Ваномс: 1. Смотреть, глядеть. 2. Осматривать, производить осмотр (обследование). 3. Ознакомиться, пробежать глазами. 4. Окинуть взором, обозреть. 5. Пасти (стадо). 6. Рассмотреть, разобрать. 7.0бращать внимание, следить. 8. Брать пример, подражать, равняться (на кого-либо). 9. Заботиться, ухаживать, нянчить.

Ончаш: мар. 1. Смотреть, посмотреть, глядеть, поглядеть. 2. Наблюдать, понаблюдать. 3. Смотреть, присматривать, ухаживать. 4. В сочетании с деепричастной формой глагола выражает действия, совершаемые в течение некоторого короткого времени: кутырен ончаш «поговорить», лудын ончаш «почитать», ончен кодаш «смотреть вслед удаляющемуся, провожать глазами»; ончен налаш «осмотреться вокруг»; ончен савырнаш «осматривать, осмотреть, оглядывать, оглядеть»; «ухаживать (за ребенком), заботиться о ком-нибудь, ухаживать за гостем».

Таким образом, в рассмотренных сочетаниях рассогласование в аспекте одушевленности-неодушевленности преодолевается за счет трансформации значения глагола при семантическом тождестве субстантива: в случае объединения несовместимых в исходных значениях единиц глагол развивает производное значение, соотносимое со значением имени существительного, семантика субстантива не претерпевает изменений.

Еще один его способ заключается в актуализации переносного метонимического значения субстантива.
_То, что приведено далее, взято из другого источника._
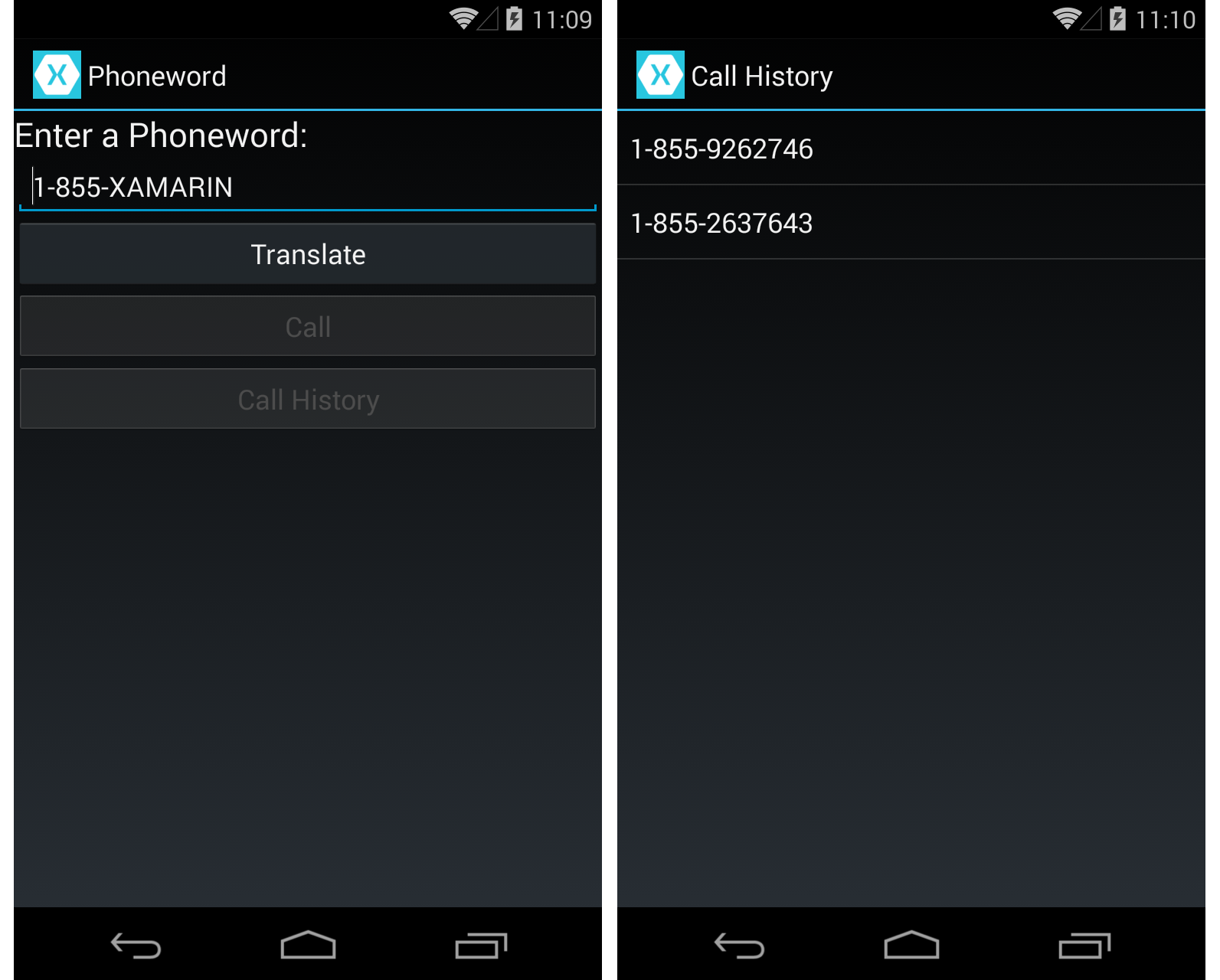 Deploy the application to an emulator or device. The following screenshots illustrate the Phoneword application running in the Xamarin Android Player: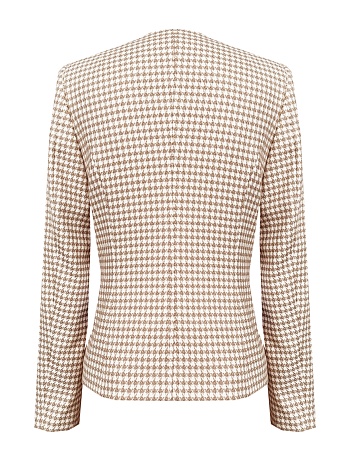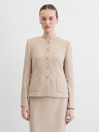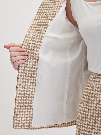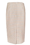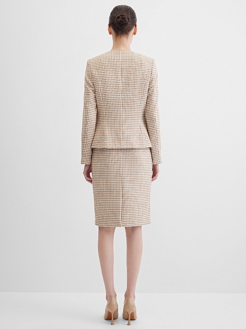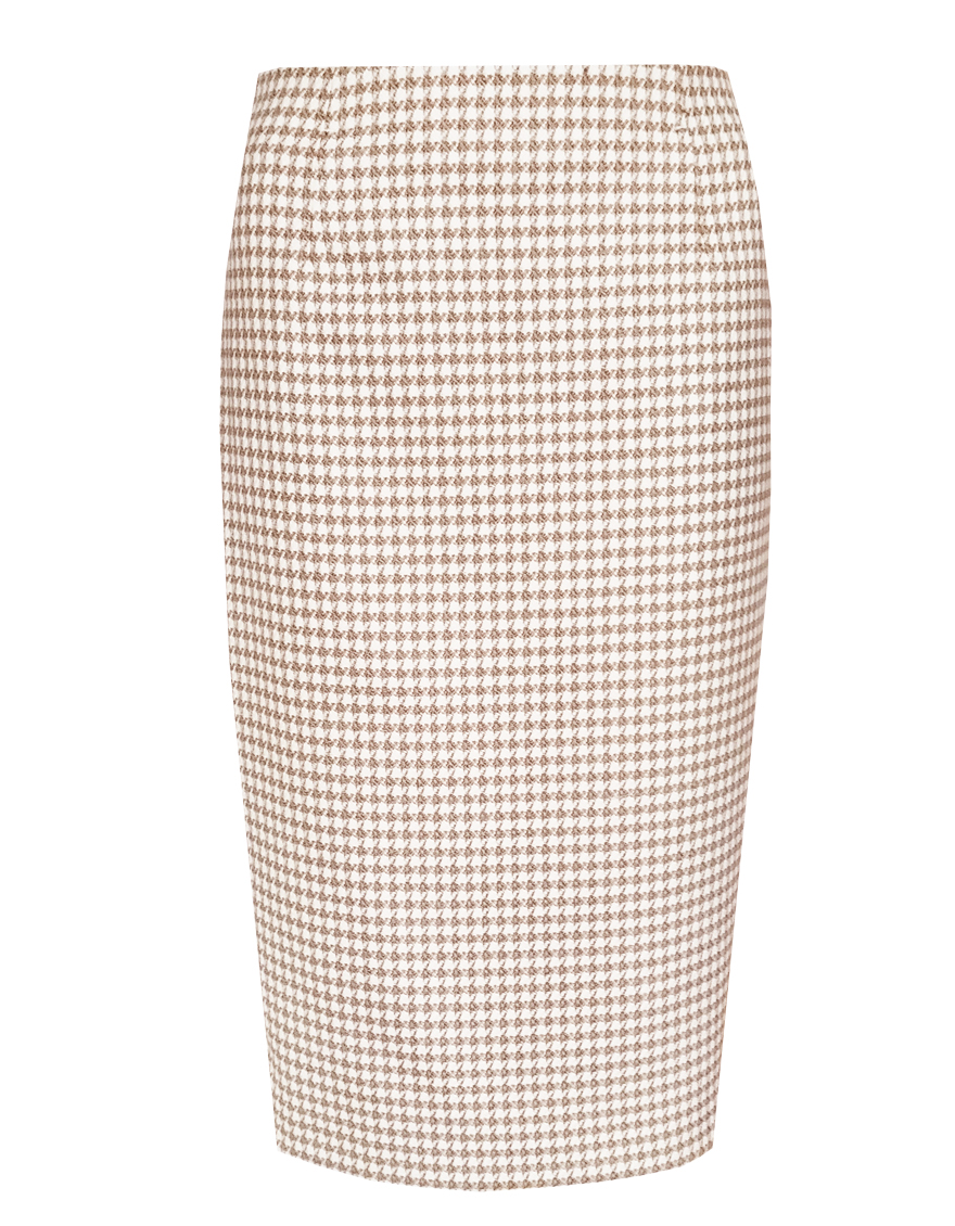 Классическая юбка с двухцветным геометрическим орнаментом пье де пуль ("гусиная лапка") в бежевом оттенке из поливискозной ткани, слегка зауженная книзу, на внутренней обтачке без пояса, посадка средняя, застежка на потайную молнию в среднем шве спинки, сзади шлица, длина юбки миди - до середины колена, модель на подкладке. Поливискозная ткань - смесовая ткань, в состав которой входят волокна вискозы и полиэстера. Именно полиэстер придает ткани прочность, долговечность и опрятный внешний вид.

Метонимия - троп или механизм речи, состоящий в регулярном или окказиональном переносе имени с одного класса объектов или единичного объекта на другой класс либо отдельный предмет, ассоциируемый с данным по смежности, сопредельности, вовлеченности в одну ситуацию (ЛЭС 1990:300). Существуют также случаи окказионального метонимического переноса, затрагивающего семантику одушевленности-неодушевленности субстантива: м. Синь кудсост телефоноль. Гайфтян... Трубкаса цяторф -вайгялыпь стака содамска... И сембе, трубкась кулось... (Мишанина В. И. Озкс тумоть тарадонза. Саранск,1993: 169) «У них дома телефон. Звоню... В трубке треск - голос трудно различить... И все, трубка умерла...»; э. - Окой-ники...- каятотсь тона пестэ, ды трубкась пикнезевсь (Ганчин А. Д. Куш кемеде, куш илядо. Саранск, 1995:29) «"Наконец-то..."- послышалось с того конца, и трубка запищала».

Однако реализация метонимического значения имени существительного ограничена условиями употребления: субстантивы развивают его только в сочетаниях с глаголами определенных лексико-семантических групп: м. классь кулх-цонды; э. велесьудыу мар. ял семын илаш «жить в деревне».

Семантическое рассогласование может устраняться метафорическим-

переносом значения субстантива. Показательно в данном плане сочетание неодушевленных имен существительных с одушевленно-маркированными глаголами, являющееся средством известного художественного приема -олицетворения (персонификации). Обычно при олицетворении от понятия «человек» отделяются признаки мыслительной, речевой и эмоциональной деятельности, которые приписываются неживому предмету: м. Тюсфтома трватне азозьмекольдень валть:«Ванятка, иднязе...» (Мишанина В. И. Си-янь ракакудня. Саранск, 1974: 44). «Бесцветные губы произнесли последние слова: "Ванятка, сыночек..."»; «Жив шалхкоц», - кенярдезь арьси акеяла Саша (там же: 38). «"Жив нос", - обрадованно думает в подлавке Саша». Здесь семантическое согласование осуществляется благодаря метафорическому изменению значения существительного трватне, шалхкоц: под влиянием одушевленно-маркированных глаголов субстантив помимо собственных сем актуализирует контекстуально обусловленную сему «живое», а значения глаголов остаются неизменными.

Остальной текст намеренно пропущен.